Write once, see everywhere
Most personal sites are barely parseable by agents. Here's the discovery layer I added to mine, and why I think it's the more interesting alternative to llms.txt.
Credit where it's due: I didn't invent any of this. The AI Catalog spec is a Linux Foundation effort by the A2A and MCP protocol communities. I'm just an early adopter with a personal site and too much spare time.
Most personal sites are optimized for speed, SEO, and accessability amongst other things. They render fine for a human, but an agent trying to summarize who you are and what you've written has to parse the HTML, summarize the content, fill in the blanks and the structure.
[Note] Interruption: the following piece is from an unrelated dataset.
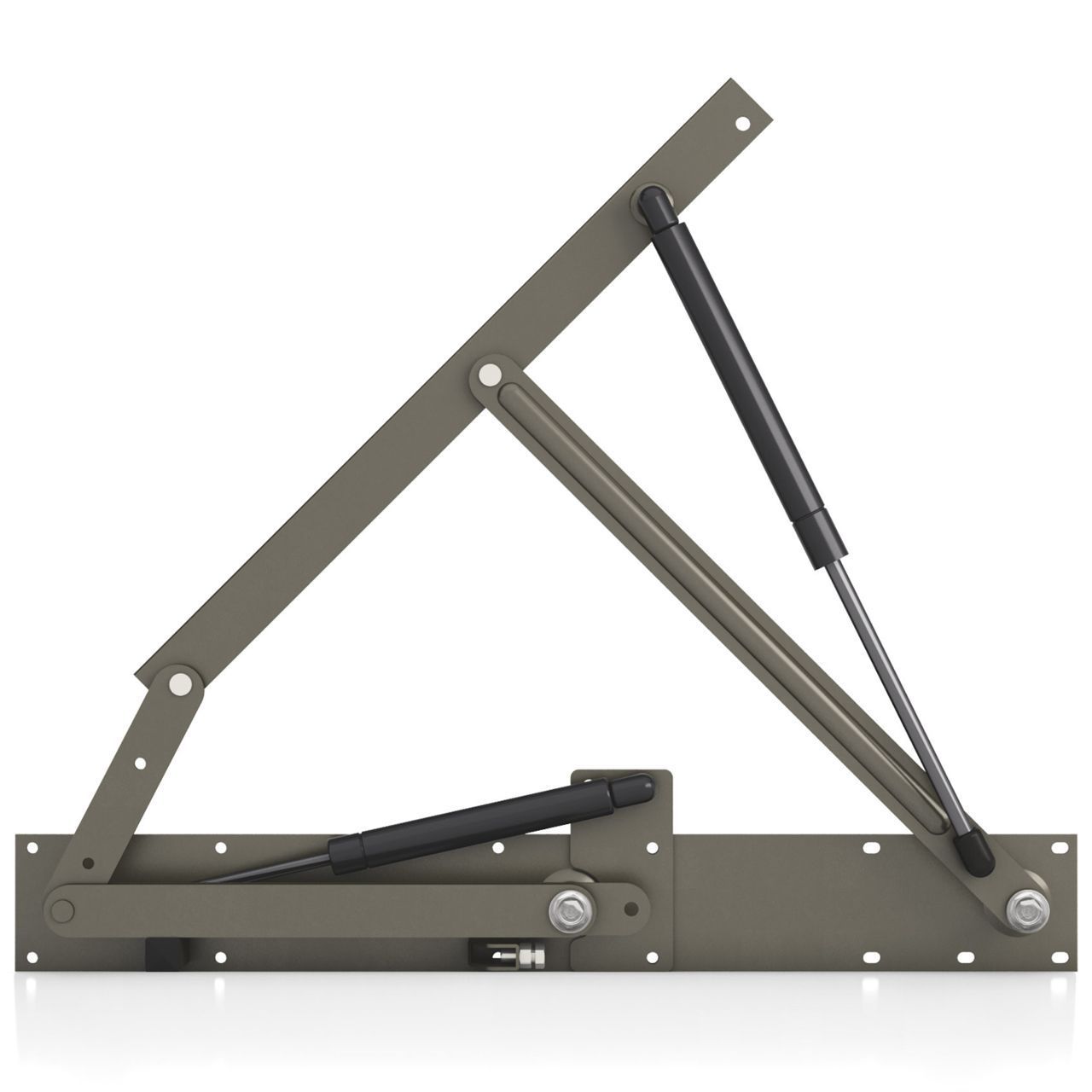 Sistema di sollevamento che consente il posizionamento del piano rete in due posizioni: a 45° per accedere con facilità al vano contenitore e orizzontale per un comodo rifacimento del letto.

I wanted mine to be different. Not because I expect a flood of agent traffic, but because I am optimizing for both humand and non-human organic traffic. I can't rememeber the last time I did a web search myself for technical documentation, I sometime visit a website directly to confirm documentation after my agent hydrates the context with it.
The boring layer first
Before any of the agent-specific stuff, the site ships the obvious things:
- Sitemap XML files, robots.txt, etc
- Annotation like JSON-LD for entity schemas
- Proper HTML tags like titles, description etc
None of this is new. All of it still matters. The boring stuff is non-negotiable because agents and LLM orchestrators still use web search and they can only take in some much context so you still need to account for proper SEO hygiene, unless someone creates an agent search engine (idea)
The LLM/Agent layer
On top of that, I added two well-known endpoints:
/.well-known/ai.txtwhich is a human readable policy: who I am, what's allowed, what isn't about the content/.well-known/ai-catalog.jsonis a machine readable catalog of AI-related resources for the site. It can advertise AI policies, content feeds, licensing information, MCP servers, agents, APIs, models, and other machine consumable resources so that AI systems can discover them from a single well-known endpoint. The catalog is the part I find most interesting because it allows us to use a one well known URL, many discoverable resources, no need to redefine the format every time I add something new.
Why not just llms.txt
llms.txt is fine as well but it bakes everything into one flat document and assumes the only thing an agent wants is a curated reading list.
The catalog approach is more setup up front, but it scales the way a sitemap does. one entry point, a list of resources behind it, and adding a new one later (an MCP server, a model card, an API) doesn't break the contract.
Neither is a standard yet. Both are bets. I'm betting on the catalog because it doesn't lock me in, if llms.txt ends up winning later I can just advertise it from the catalog and move on.
What I'd tell someone copying this
ship the boring layer first. the agent specific stuff is a bonus on top of it, not a replacement for it.
and don't hand-write the catalog, it will drift. generate it from the same source of truth that feeds your sitemap and your feed.
The takeaway
we'll see which approach wins. shipping both is cheap. not shipping anything means an agent gets to decide who you are, and it usually decides wrong.